Societies and Markets: Policy Reform, Solidarity, and Social Welfare

During the past two decades or so, many countries embarked on large-scale policy reforms, usually inspired by the New Public Management movement, and often accompanied by decentralization of formal decision making authority to the local or regional level. The declared objective of these large-scale institutional re-arrangements is to improve the living conditions and well-being of the greatest possible number of their citizens. Through injecting “market principles", these new governance structures are supposed to increase the effectiveness and efficiency of public service delivery, increase accountability of its leaders, and reduce socio-economic inequalities in key domains like health, education, and the labor market.

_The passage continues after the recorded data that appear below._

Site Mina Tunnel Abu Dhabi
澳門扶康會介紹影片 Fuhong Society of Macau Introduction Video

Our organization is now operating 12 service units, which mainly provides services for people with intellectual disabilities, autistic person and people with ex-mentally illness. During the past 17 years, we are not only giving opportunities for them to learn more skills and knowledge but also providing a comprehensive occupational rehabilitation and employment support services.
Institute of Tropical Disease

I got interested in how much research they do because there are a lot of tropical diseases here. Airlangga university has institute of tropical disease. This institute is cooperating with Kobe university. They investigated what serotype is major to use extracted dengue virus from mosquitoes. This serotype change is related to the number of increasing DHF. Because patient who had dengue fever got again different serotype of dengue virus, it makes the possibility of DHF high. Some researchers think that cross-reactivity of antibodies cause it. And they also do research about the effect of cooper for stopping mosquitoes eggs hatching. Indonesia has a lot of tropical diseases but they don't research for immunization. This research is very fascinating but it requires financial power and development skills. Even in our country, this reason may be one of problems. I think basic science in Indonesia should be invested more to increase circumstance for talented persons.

To what degree and under which conditions do these massive changes in the formal institutional structures indeed succeed in achieving these objectives? How can such successes or failures be explained by the interplay of these formal changes with changes in societies’ informal fabric, its social capital and solidarity?

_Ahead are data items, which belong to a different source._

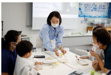
Open Chemistry Class

At the Tsurumi Plant, we long for children to become interested in chemistry by carrying out hands-on experiments, and we also want members of the local community to learn more about our plant. So, since 2019, the plant has held an open chemistry class in collaboration with the local tourism association. This event was held again in fiscal 2022. In fiscal 2023, a biodiversity learning event is planned as a new initiative. With a slogan of protecting the richness of the sea and land and creating a city we can continue living, we are also actively engaged in local cleanup activities. Many employees participate in picking up trash in areas around the plant, such as the waiting area of the Okayama Blue Line and nearby prefectural roads, and also in maintaining the grounds of a local elementary school.
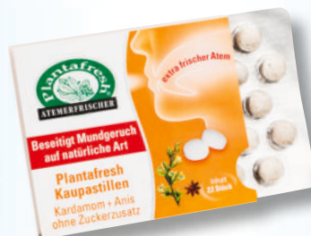
Plantafresh cardamom and anise sugar-free
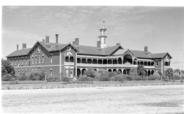
The Orphanage, Ballarat
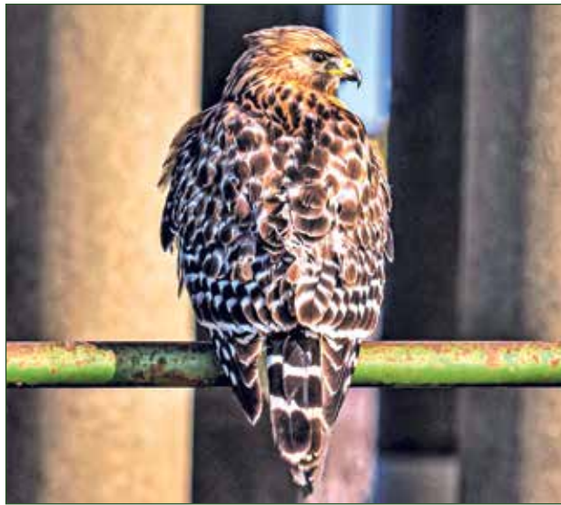
Winning photograph snapped of a red shouldered hawk by Jody Reese of Fair Oaks. Photo provided by WCAS

The annual Wildlife Care Photo contest seeks to promote outdoor activity, appreciation for nature and offer a unique view of the avian life in the Sacramento region. Contest entries begin on Oct 1st and continue
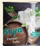
Soya Paneer Tofu
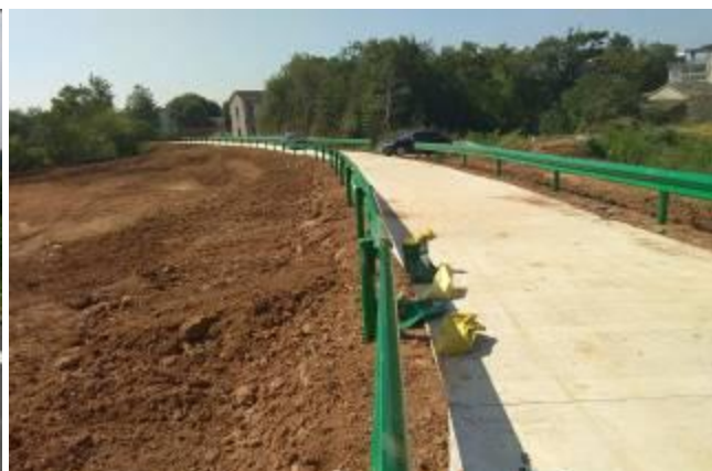
Dama Road, Hanshan, 2017
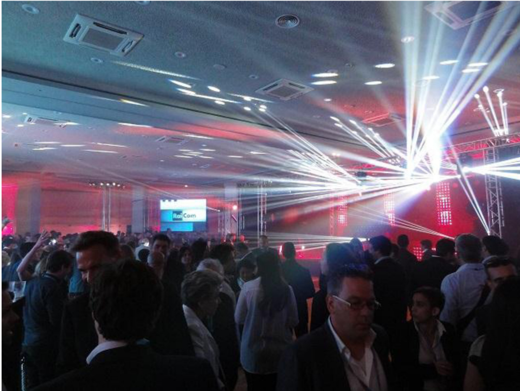
Figure 4. Welcome party at MIP TV 2014.

Building on different aspects of the social rationality framework, four externally funded PhD-projects under my supervision translate these overarching questions into more specific empirical research problems. A recently completed project investigated to what degree new public management reforms triggered Dutch public organizations to resemble private firms. Three of these projects are ongoing. They focus on how two waves of decentralization in Indonesia since 2001 affected (a) the link between informal networks and corruption of public leaders; (b) the link between community social capital and access to primary education; (c) the link between inter-organizational cooperation and performance of primary health care centers.